Dpnews Indonesia || Karawang – Salah satu Oknum ketua RT Kinerjanya Disoroti oleh LSM Laskar NKRI Diduga mementingkan golongannya di Dusun Krajan RT. 020/004 desa Kemiri kecamatan Jayakerta kabupaten Karawang. Rabu, 07/08/204.
Hal tersebut membuat anggota LSM Laskar NKRI Desa Kemiri Fauzi angkat bicara, pada awak media Fauzi menjelaskan bahwa oknum ketua RT tersebut tidak pernah memberikan informasi berdasarkan laporan salah seorang warga.

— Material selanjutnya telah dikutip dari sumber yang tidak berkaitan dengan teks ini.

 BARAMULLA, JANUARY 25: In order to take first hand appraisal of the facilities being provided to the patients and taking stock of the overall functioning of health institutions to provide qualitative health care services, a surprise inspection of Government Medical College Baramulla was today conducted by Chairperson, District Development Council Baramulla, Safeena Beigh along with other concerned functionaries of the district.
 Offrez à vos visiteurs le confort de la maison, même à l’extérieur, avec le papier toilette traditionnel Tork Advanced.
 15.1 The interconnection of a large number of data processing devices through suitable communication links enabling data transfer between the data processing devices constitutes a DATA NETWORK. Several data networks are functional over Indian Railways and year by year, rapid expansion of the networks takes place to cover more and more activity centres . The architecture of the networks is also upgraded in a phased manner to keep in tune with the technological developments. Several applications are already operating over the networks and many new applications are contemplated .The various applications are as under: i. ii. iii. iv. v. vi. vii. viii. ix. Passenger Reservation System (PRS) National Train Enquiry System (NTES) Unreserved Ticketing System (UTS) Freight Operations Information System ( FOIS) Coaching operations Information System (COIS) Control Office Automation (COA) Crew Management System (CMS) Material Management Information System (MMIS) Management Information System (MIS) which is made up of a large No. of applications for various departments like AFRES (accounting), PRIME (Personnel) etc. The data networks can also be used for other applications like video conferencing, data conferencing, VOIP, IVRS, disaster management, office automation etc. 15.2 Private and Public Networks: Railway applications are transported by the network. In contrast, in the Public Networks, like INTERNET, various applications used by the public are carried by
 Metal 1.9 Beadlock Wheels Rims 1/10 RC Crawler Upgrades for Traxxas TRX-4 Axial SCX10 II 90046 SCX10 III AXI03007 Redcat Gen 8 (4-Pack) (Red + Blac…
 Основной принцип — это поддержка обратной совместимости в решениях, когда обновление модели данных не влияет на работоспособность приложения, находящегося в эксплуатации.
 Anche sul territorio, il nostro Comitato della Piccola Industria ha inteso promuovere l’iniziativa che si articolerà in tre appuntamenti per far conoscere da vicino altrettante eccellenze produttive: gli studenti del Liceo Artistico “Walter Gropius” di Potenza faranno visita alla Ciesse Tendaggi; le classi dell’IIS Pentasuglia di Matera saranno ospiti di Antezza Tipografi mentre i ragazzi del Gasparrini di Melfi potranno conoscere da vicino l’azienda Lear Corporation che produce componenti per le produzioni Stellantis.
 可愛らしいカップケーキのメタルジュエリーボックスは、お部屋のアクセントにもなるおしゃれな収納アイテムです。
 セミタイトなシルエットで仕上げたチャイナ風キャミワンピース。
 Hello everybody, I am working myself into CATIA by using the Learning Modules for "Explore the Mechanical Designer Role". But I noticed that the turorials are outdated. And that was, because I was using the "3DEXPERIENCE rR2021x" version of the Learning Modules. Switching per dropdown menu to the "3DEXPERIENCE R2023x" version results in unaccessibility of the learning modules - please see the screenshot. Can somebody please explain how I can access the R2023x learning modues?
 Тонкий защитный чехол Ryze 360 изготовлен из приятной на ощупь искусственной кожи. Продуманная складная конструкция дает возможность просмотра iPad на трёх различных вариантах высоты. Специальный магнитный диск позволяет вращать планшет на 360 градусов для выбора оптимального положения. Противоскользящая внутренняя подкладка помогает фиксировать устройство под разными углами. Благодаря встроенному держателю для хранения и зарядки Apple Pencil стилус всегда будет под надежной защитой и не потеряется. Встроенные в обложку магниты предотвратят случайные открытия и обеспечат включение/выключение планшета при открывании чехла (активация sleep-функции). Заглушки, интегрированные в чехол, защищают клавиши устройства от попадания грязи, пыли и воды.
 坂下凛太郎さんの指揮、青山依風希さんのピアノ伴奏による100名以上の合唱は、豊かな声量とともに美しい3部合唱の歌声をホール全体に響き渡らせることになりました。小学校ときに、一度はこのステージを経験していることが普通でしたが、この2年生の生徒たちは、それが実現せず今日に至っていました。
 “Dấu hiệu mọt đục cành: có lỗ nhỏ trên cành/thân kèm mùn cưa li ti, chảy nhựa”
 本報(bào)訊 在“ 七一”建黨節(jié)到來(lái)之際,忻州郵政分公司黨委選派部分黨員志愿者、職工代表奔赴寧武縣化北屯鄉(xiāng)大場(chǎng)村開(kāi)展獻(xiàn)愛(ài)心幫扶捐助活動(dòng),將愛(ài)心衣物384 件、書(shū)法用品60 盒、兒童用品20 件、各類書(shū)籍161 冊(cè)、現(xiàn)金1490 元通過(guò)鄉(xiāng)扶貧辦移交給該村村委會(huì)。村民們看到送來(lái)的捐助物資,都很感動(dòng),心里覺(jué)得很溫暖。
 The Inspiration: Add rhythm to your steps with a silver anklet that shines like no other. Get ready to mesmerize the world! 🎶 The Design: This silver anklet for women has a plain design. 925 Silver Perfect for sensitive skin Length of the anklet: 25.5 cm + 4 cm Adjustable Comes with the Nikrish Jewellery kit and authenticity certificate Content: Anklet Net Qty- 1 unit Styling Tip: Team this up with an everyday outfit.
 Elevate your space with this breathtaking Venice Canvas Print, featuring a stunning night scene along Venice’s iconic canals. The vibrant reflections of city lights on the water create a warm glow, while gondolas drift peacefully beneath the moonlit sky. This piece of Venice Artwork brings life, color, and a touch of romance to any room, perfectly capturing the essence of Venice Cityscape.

“Setiap ada kegiatan untuk masyarakat oknum ketua RT tersebut tidak pernah melakukan pemberitahuan pada salah satu warganya pada waktu di tanya hanya diam dan oknum ketua RT ini tidak pantas di sebut memimpin apalagi di jadikan sebagai ketua RT karena tugas seorang RT adalah sebagai pelayan warganya,” jelas Fauzi.
Fauzi selaku sosial kontrol dari LSM Laskar NKRI mendapat laporan dari salah seorang warga bahwa kalau setiap ada turun bantuan pasti warga di minta uang alasannya untuk uang ganti sebagai ongkos bensin dan lain sebagainya.
Menurut Fauzi oknum RT seperti ini tidak pantas berada dalam lingkungan pemerintahan desa, selain suka mementingkan golongan dia juga arogan terhadap warganya.
“Oknum RT ini juga arogan kepada salah satu warganya tiap di tanya soal bantuan selalu menjawab dengan bahasa nada yang keras bukannya pengarahan, oknum yang ini memang tidak pantas di sebut sebagi pelayan masyarakat karena gaji dan fasilitas sudah di anggarkan dari negara untuk di tiap – tiap tingkat desa dan kalau di rasa sebagai pelayan masyarakat kurang, jangan pernah jadi pelayan di pemerintahan untuk masyarakat karena ini bukan bisnis karena ini adalah benar – benar abdi negara yang rela melayan masyarakat ataupun warga. Karena itu fungsi sebagai salah satu tugas abdi negara,” ujar kang Fauzy anggota LSM Laskar NKRI yang ada di desa Kemiri.
Menurut Fauzi iya angkat bicara dalam pemberitaan ini adalah bentuk sosial kontrol sebagai seorang anggota LSM Laskar NKRI di DPC kecamatan Jayakerta.
Fauzi juga berpesan untuk pemdes Kemiri agar lakukan pembinaan agar kinerja ketua RT di pemerintahan desa Kemiri lebih baik dan Kepala desa Kemiri harus melakukan pembinaan pada jajarannya sebagai pelayan masyarakat.
“Saya berharap di setiap desa agar ada pembinaan terhadap ketua RT. Khususnya di desa Kemiri ini di dusun Krajan, karna banyak warga yang mengeluh kepada saya terkait Ketua RT nya,” tutupnya.